###### <h2> Exercise 6 - Endogeneity</h2>

We now consider a linear specification $y=\alpha + \beta_1x_1 + \beta_2x_2 +\epsilon$ in which the error term $\epsilon$ depends multiplicatively on $x_1$ with an additional $N(1,1)$ noise factor.  We first attempt to estimate parameters by OLS:

In [1]:
using Distributions
using PyPlot
using LinearAlgebra
using Printf
using Random


d = Normal(0,1);
N = 50;

alpha = 0.78;
beta1 = 2.34;
beta2 = 5.61;

x1 = rand(d,N);
x2 = rand(d,N);
eps = x1.*rand(Normal(1.0,1.0),N);

y = alpha .+ beta1*x1 + beta2*x2 + eps;

X = [ones(N) x1 x2];

betaHat = (X'*X)\(X'*y);

println("Parameter estimate: ", betaHat)

Parameter estimate: [0.7567675318130073, 3.7542089968680523, 5.567687525973848]
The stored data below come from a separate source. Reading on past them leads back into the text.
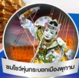
ชมโชว์หุ่นกระบอกเมืองพุกาม
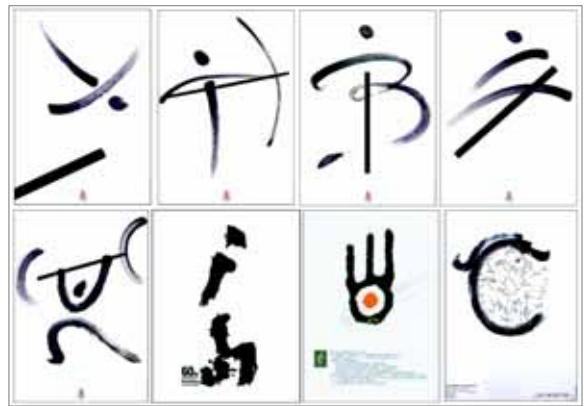
▶▶ 그림 9. 수묵필치를 위주로 한 포스터1

수묵필치를 주제로 한 포스터는 단순한 소재를 가지고 깊이 있는 내용을 표현gknp 된다. 북경 올림픽의 픽토그램이 이러한 수묵 필치를 이용하여 만들어진 것 중에 하나이다. 수묵필치는 제작방법에 있어서 가장 간단하기도 하나 우연성에 크게 영향을 받기 때문에 많은 시간의 반복 작업을 통해 좋은 작품을 얻을 수 있다. 이때 주로 사용하는 묘법은 발묵법과 적묵법이다.
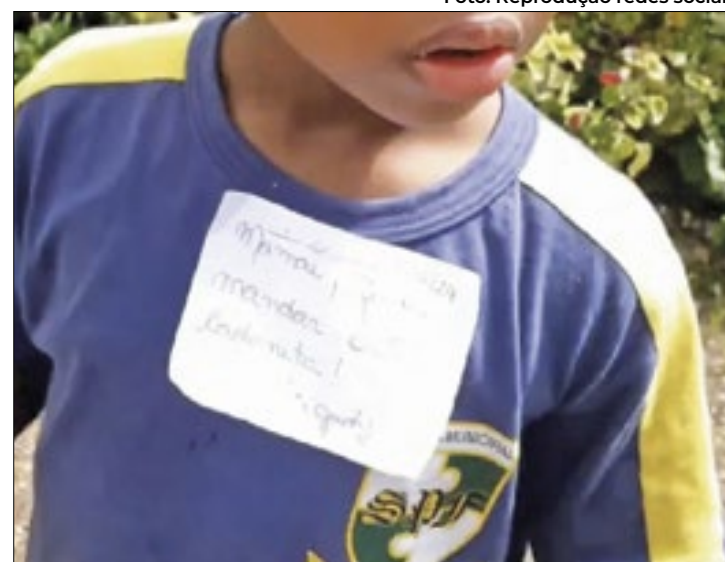
O caso foi denunciado nas redes sociais pela vereadora

“Ouvir da criança como ele se sentiu causou na gente indignação e revolta. O espaço escolar é onde a criança precisa estar segura, onde os pais e filhos tenham confiança. Constrangimentos e humilhação não podem fazer parte do espaço pedagógico”, disse a vereadora. No vídeo compartilhado nas redes sociais, a vereadora
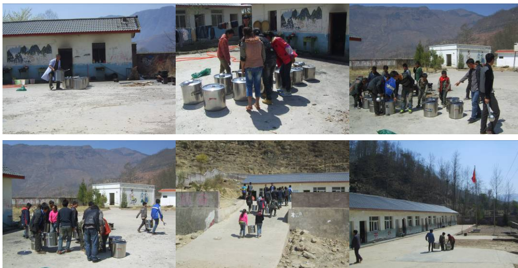
图 23 厨师把准备好的午餐按照各班级在餐桶上的标号整齐的摆放在厨房门口，学生在老师的组织下陆续把午餐抬回教室用餐
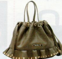
Braccialini Tua € 285
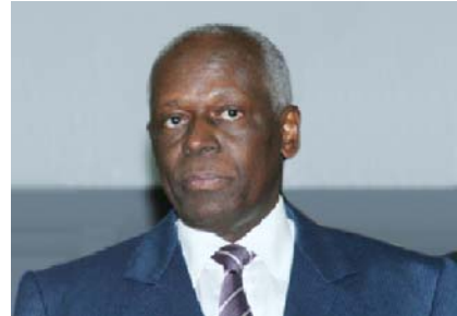
Chefe de Estado, José Eduardo dos Santos, felicitado pelo Banco Mundial devido ao crescimento económico de Angola

Informou que os sectores da saúde, educação, energia, agrícola e pesca constituem prioridades do Banco Mundial.

While the estimates for $\alpha$ and $\beta_2$ are reasonable, that for $\beta_1$ is far from the specified value.  Recall our main assumptions underlining OLS:
\begin{align}
\mathbb{E}[\epsilon]&=0\notag\\
\mathbb{E}[\epsilon|\boldsymbol{x}]&=0\notag\\
&\implies \mathbb{E}[\boldsymbol{x}\epsilon] = 0\notag
\end{align}
where the third inequality follows from the combination of the first two.  In the specification given, we have
\begin{align}
\mathbb{E}[\epsilon] &= \mathbb{E}[x_1u],\ \ u\sim N(1,1)\notag\\
&= \mathbb{E}[\mathbb{E}[x_1u|x_1]]\notag\\
&= \mathbb{E}[x_1\mathbb{E}[u|x_1]]\ \ \ \text{(Law of Iterated Expectations)}\notag\\
&= \mathbb{E}[x_1\mathbb{E}[u]]\ \ \ \ \ \ \text{(Independence of $x_1$ and $u$)}\notag\\
&= \mathbb{E}[x_1]\notag\\
&= 0
\end{align}
Hence the first main assumption holds.  However, we also have
\begin{align}
\mathbb{E}[x_1\epsilon] &= \mathbb{E}[x_1^2u]\notag\\
&= \mathbb{E}[x_1^2\mathbb{E}[u|x_1]]\notag\\
&= \mathbb{E}[x_1^2]\notag\\
&= 1
\end{align}
so that the variable $x_1$ is endogenous and the exogeneity requirement fails.